## DATASET

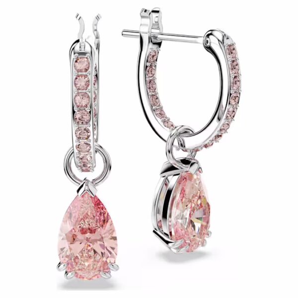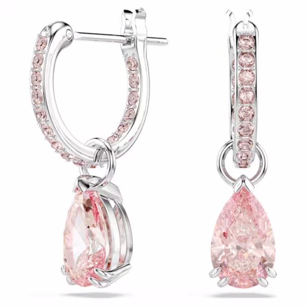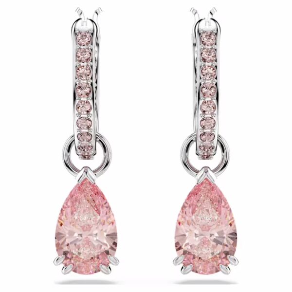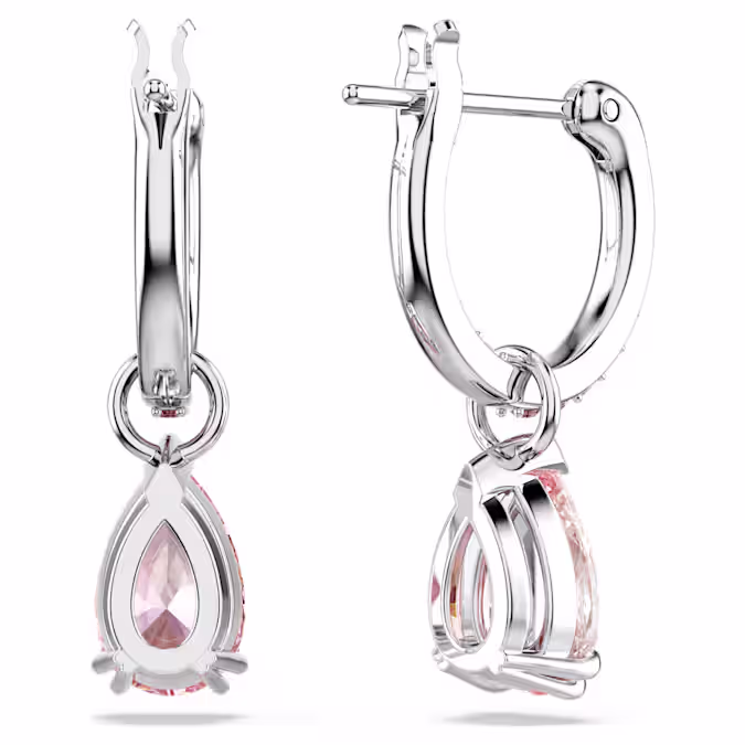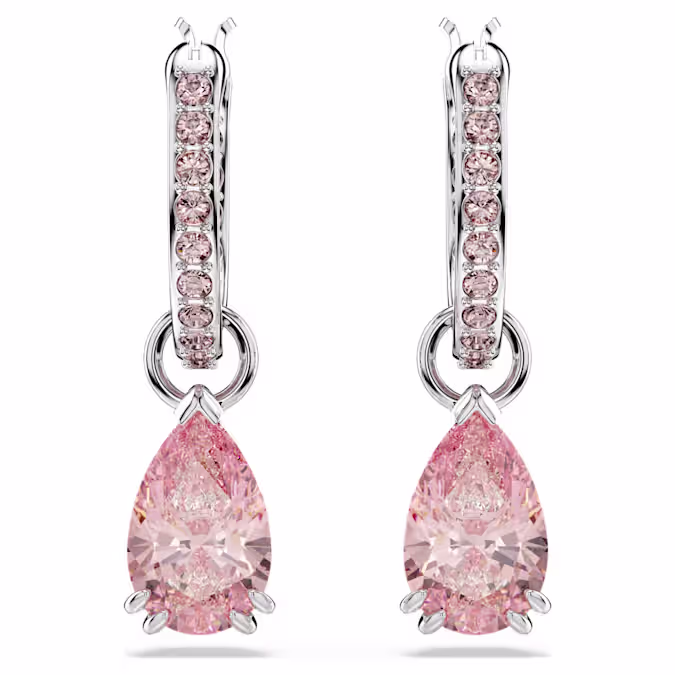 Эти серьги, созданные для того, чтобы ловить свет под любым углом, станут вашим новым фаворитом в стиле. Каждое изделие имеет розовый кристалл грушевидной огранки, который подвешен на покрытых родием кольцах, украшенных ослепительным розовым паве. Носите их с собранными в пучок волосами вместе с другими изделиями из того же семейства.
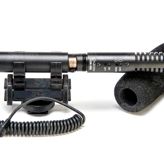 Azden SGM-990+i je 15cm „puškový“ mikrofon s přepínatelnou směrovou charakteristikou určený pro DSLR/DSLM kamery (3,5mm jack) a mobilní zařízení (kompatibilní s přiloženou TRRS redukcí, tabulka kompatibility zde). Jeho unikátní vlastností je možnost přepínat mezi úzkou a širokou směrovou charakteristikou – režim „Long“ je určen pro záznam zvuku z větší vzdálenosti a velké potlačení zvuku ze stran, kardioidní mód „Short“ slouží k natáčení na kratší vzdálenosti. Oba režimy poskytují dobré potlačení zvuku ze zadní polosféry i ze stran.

---

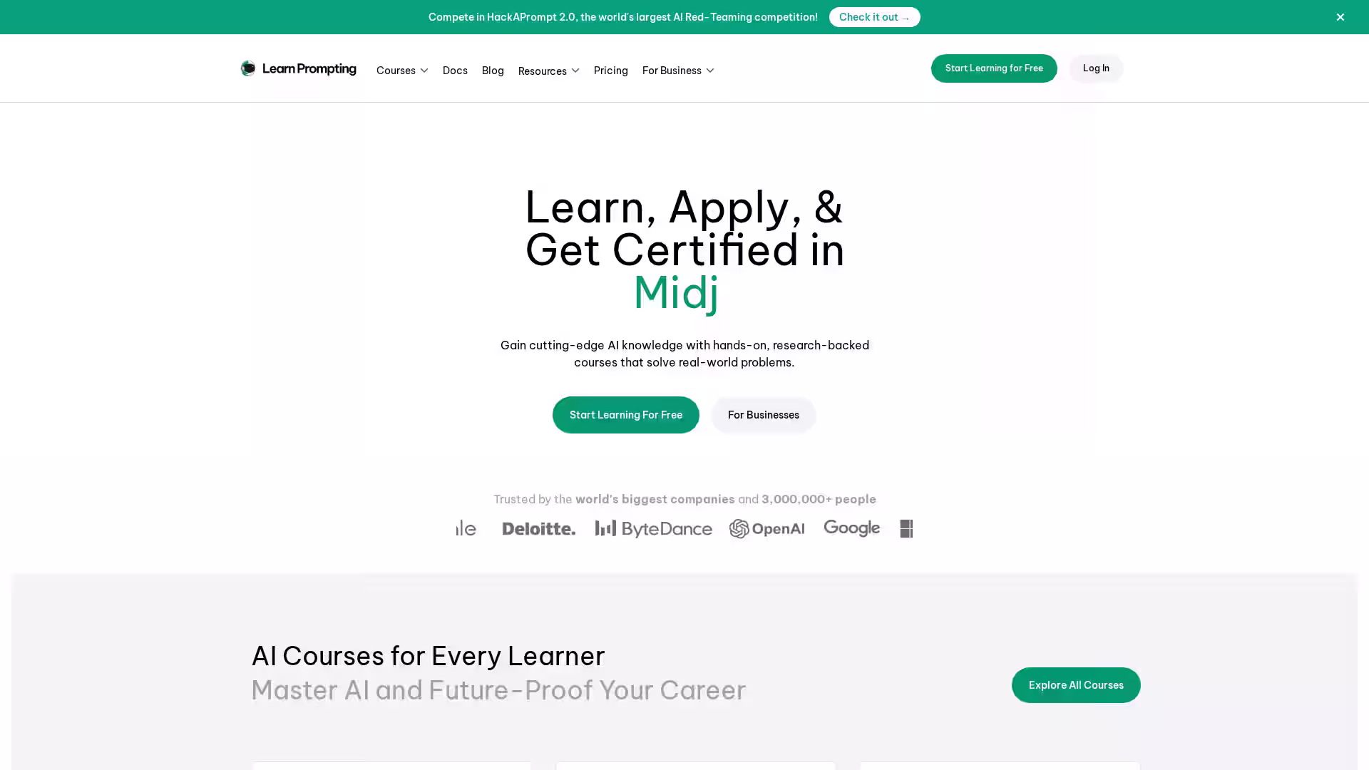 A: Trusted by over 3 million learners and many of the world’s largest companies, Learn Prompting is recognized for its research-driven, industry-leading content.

## PROBLEM TO SOLVE
The answer is those lines of the material above that run from the one containing "Эти серьги, созданные" up to and including the one containing "Azden SGM-990+i je", restated exactly and without images.

## SOLVED EXERCISE
 Эти серьги, созданные для того, чтобы ловить свет под любым углом, станут вашим новым фаворитом в стиле. Каждое изделие имеет розовый кристалл грушевидной огранки, который подвешен на покрытых родием кольцах, украшенных ослепительным розовым паве. Носите их с собранными в пучок волосами вместе с другими изделиями из того же семейства.
 Azden SGM-990+i je 15cm „puškový“ mikrofon s přepínatelnou směrovou charakteristikou určený pro DSLR/DSLM kamery (3,5mm jack) a mobilní zařízení (kompatibilní s přiloženou TRRS redukcí, tabulka kompatibility zde). Jeho unikátní vlastností je možnost přepínat mezi úzkou a širokou směrovou charakteristikou – režim „Long“ je určen pro záznam zvuku z větší vzdálenosti a velké potlačení zvuku ze stran, kardioidní mód „Short“ slouží k natáčení na kratší vzdálenosti. Oba režimy poskytují dobré potlačení zvuku ze zadní polosféry i ze stran.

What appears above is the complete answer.